- _Exercise input_:
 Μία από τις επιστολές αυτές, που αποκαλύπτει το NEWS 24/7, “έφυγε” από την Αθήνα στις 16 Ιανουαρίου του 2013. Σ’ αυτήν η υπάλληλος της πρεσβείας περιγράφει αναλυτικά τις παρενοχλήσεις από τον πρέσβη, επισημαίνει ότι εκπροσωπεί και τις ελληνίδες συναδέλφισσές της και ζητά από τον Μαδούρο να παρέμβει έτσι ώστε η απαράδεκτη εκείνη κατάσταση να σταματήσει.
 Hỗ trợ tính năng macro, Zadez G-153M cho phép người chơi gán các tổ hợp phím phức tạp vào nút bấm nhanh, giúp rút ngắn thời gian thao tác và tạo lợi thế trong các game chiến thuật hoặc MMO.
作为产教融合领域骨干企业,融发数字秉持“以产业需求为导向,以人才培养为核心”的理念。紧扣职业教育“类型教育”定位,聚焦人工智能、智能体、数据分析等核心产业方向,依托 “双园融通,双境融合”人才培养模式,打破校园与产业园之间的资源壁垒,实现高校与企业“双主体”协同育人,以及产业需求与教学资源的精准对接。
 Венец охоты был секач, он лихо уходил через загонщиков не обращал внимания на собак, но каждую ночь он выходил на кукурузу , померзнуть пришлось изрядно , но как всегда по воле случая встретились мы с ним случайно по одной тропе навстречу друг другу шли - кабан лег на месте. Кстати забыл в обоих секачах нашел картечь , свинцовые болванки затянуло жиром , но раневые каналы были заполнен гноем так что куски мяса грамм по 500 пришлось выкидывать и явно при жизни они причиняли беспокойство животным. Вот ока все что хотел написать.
...
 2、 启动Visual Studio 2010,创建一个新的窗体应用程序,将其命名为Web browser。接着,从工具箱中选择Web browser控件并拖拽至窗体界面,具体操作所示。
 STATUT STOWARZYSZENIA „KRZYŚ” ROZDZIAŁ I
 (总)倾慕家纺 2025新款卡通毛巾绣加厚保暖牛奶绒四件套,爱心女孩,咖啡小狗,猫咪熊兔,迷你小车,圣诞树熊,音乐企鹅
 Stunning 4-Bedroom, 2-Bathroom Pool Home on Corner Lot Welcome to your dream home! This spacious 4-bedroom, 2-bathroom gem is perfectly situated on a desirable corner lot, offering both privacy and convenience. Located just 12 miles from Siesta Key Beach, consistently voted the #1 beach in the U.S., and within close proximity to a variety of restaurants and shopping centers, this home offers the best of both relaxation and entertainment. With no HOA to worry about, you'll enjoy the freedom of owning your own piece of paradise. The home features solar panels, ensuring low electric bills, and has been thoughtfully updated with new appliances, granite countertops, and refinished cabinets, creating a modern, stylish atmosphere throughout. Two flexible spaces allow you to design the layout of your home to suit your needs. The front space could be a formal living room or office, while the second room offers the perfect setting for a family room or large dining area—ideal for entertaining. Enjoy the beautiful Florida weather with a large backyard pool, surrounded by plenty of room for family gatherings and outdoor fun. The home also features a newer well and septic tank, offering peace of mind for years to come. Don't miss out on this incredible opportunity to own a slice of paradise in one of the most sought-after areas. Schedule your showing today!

- _Directions_: In the listing above, find the line with "Hỗ trợ tính" and the line with "作为产教融合领域骨干企业,融". Output those two lines and every line between them, exactly as written.

- _Answer for the task_:
 Hỗ trợ tính năng macro, Zadez G-153M cho phép người chơi gán các tổ hợp phím phức tạp vào nút bấm nhanh, giúp rút ngắn thời gian thao tác và tạo lợi thế trong các game chiến thuật hoặc MMO.
作为产教融合领域骨干企业,融发数字秉持“以产业需求为导向,以人才培养为核心”的理念。紧扣职业教育“类型教育”定位,聚焦人工智能、智能体、数据分析等核心产业方向,依托 “双园融通,双境融合”人才培养模式,打破校园与产业园之间的资源壁垒,实现高校与企业“双主体”协同育人,以及产业需求与教学资源的精准对接。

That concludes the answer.